Nationally, veterans’ care is even getting ink in Yoga Journal with an article in the August 2010 issue on veterans who are practicing yoga to combat PTSD. The article discusses groups like the “Exalted Warrior Foundation” and “Yoga Warriors” that are popping up around the country. The Defense Department, according to the article, has asked a Harvard professor to conduct a 10-week study on yoga for veterans with PTSD. And the practice of yoga nidra, or yogic sleep, has even gotten a name change that military brass believe is more palatable to vets: iRest.

Class time

Participants at a recent MBSR class sit in a circle in the bookshelf-lined room at the UA’s McCormick Building while Ginger, an orange-and-white tabby, moves languidly among outstretched hands.

Natasha Korshak, who taught two courses for the Mindful Veterans Project, uses tingshas to bring participants in and out of meditation. Photo by Kate Harrison.

The evening’s two-and-a-half hour class, which included a mixture of veterans, VA employees and others, consisted of breathing meditation, poetry, thoughts on the previous week and discussion.

Natasha Korshak has led three of the MBSR classes since they began in fall 2009 at the UA.  She trained with MBSR’s founder, Kabat-Zinn, and has taught mindfulness for a dozen years at Miraval, the exclusive spa and resort north of Tucson. Korshak believes MSBR’s strengths lie in its eight-week format that pairs class time with daily homework and meditation.

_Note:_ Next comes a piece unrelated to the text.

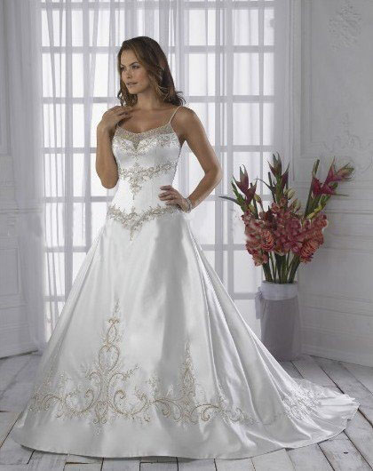 Use: Bride Place of Origin: Jiangsu China (Mainland) Decoration: Lace Feature: Anti-Static,Anti-Wrinkle,B... Brand Name: Brand new Hemline: Floor-Length Fabric Type: Satin Technics: Embroidered Design: Sleeveless Silhouette: A-Line Style: Modern Color: Custom color Material: 100% Polyester Model Number: 2278 Supply Type: OEM Service size: cutsom size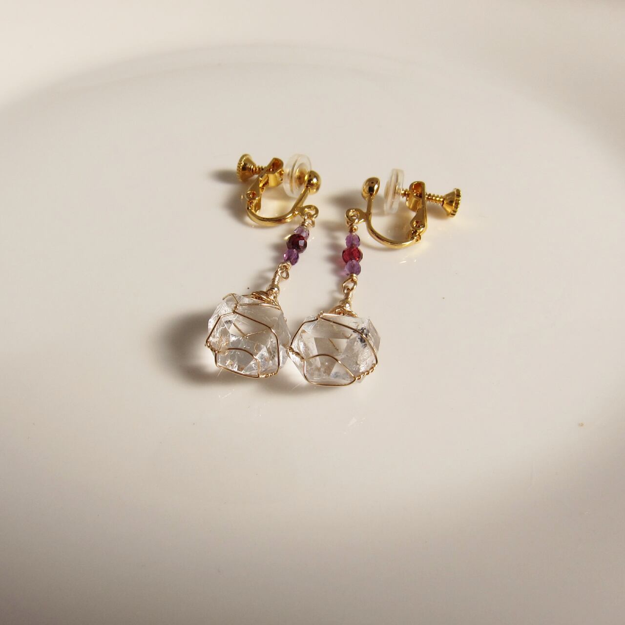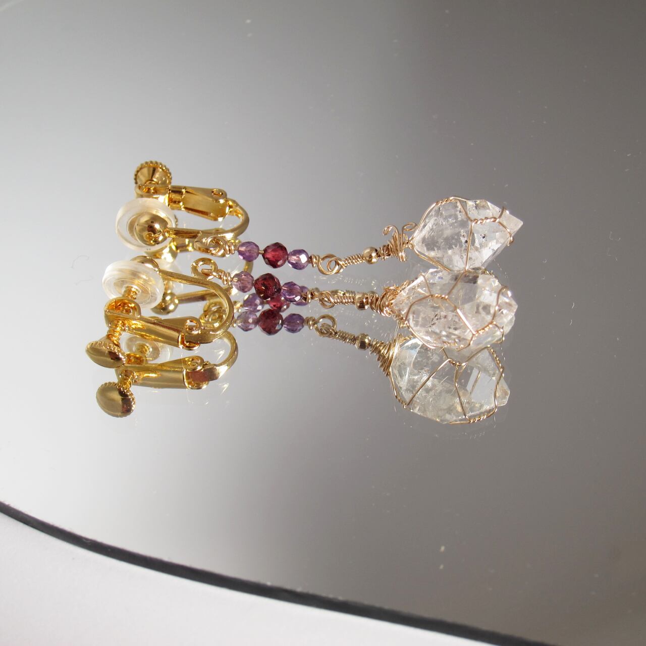 素材:ハーキマーダイヤモンド(7ct)× 2個、14KGFワイヤー、ガーネットビーズ、アメジストビーズ、イヤリングパーツ(サージカルステンレス、24金メッキ)

“Nowadays everybody talks about the body-mind connection, but there’s not many things that really truly teach you how to develop it,” she said. MBSR encourages participants to slow down and make choices “moment-by -moment, hour-by-hour, day-by-day,” said Korshak. For vets and others, that can mean learning to reach inward when a stressor hits, instead of for booze, brownies, a bong.

Vandemark, in his straightforward, kid-from-Jersey style, says MBSR “is the only thing that ever worked for me.” That’s why he’d like to see more veterans, particularly young ones returning from Iraq and Afghanistan, try it.

“It’s like brain surgery for yourself,” he explains. “You’re taught the techniques, but you’ve got to do the stuff. You have to learn how to live in your skin.”